HMRC can't be trusted with our bank accounts


If ever we needed proof the government doesn't trust UK citizens it is writ in the plan to strengthen the taxman's 'debt recovery powers'.

Overshadowed by the pension and savings giveaways in the Budget, nobody noticed the subtle arming of HM Revenue & Customs (HMRC) with the ability to raid taxpayers' bank accounts.

That's right; the Budget proposed to give HMRC the power to recover money directly from taxpayers' bank accounts if they have underpaid or owe tax monies.

This underhand tactic, in my opinion, is a way of saying to taxpayers that they are not trusted by the state to pay their dues, and the Treasury Select Committee is just as worried, saying it could denote a preference for 'stealth' measures.
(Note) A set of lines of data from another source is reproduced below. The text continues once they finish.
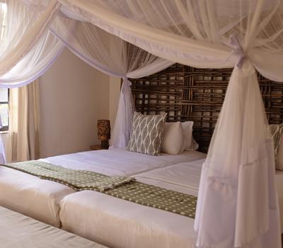 The family room consists off a masterbedroom and a triple room with interconnecting door. En-suite bathrooms with flush toilet and hot showers. 24-hr electricity is provided by a Solar and inverter system and all rooms enjoy charging facilities in the room. Complimentary wifi is on offer throughout the villas. Bathrooms have full guest amenities, a room safe, a desk to work from for those that need and complimentary water. Rooms are made up as doubles or twins with an additional bed in some rooms possible. Laundry is available at a cost but for those booking all inclusive the service is free. The rooms are serviced both in the morning and in the evening for turn down.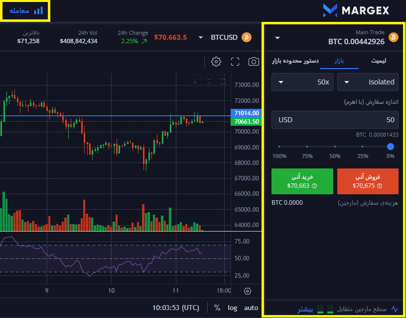 7. **اندازه سفارش** - اندازه کامل سفارش شما در ارز وثیقه انتخاب شده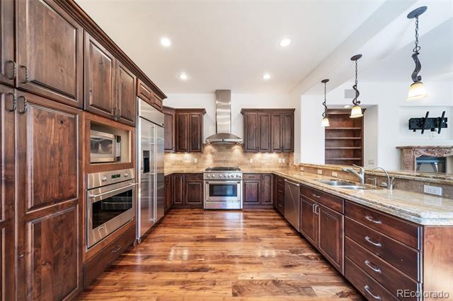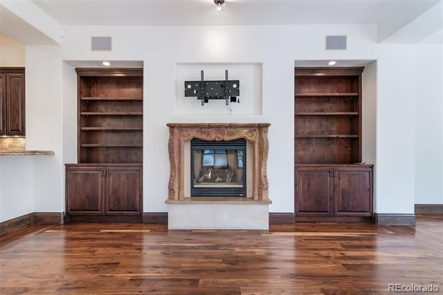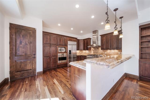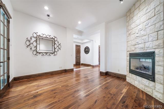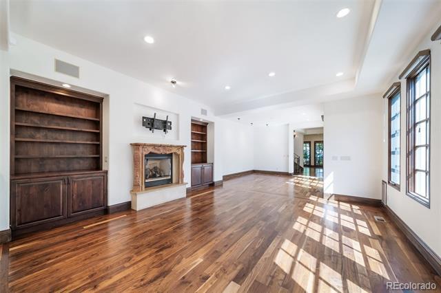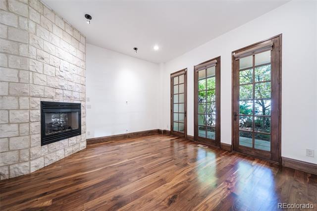 Four-story duplex with stunning interior: spiral staircase, hardwood floors, large updated kitchen with lots of cabinet space. Elegant master suite is very spacious with see-through fireplace, his & hers closets, and 5 piece bath with jetted tub, and double vanity. 2 more bedrooms with a jack and jill bath round out the second level, 3 bedrooms on the upper level is very rare for Cherry Creek townhomes! Finished basement with 4th bedroom with attached 3/4 bath, home theater room and extra living area with wet bar. Outdoor space includes: balconies, fenced backyard, rooftop terrace with wet bar. Three-car attached garage with extra storage. Townhouse MLS# 2616809

Of course there will be a consultation and the committee has said it will provide further evidence, but it is gravely concerned about this power being handed out 'without some form of prior independent oversight' such as an ombudsman or tribunal.

The chancellor's thinking is that the measure is justified because the Department for Work and Pensions is already allowed to take money from people's bank accounts to pay child maintenance but that is a slightly different power – DWP is working purely as an intermediary rather than acting for its own gain.

The main flaw in this plan is HMRC's incompetence. Quite often underpayment of tax or incorrect tax repayments are the fault of the taxman not the individual. I have been overpaid nearly £1,000 of tax in the past only to receive a demand from HMRC six months later to pay it back.

What if I had spent it and didn't have the means to repay it? If the taxman had the power to just take it from my account would I have been pushed into debt – on which I have to pay overdraft charges – because of HMRC's mistake.

These are the practical considerations of dealing with a tax department for which mistakes are frequent and often financially crippling for people – we only have to remember the widespread overpayment of child benefit to lower income families who were then forced to pay the money back.

HMRC does not need anymore grasping powers. I know we are in the midst of a 'recovery' (albeit one standing precariously on inflated house prices) but tackling the small sums owed by law-abiding taxpayers rather than tackling those who fail to pay large sums in the first place is a nonsense.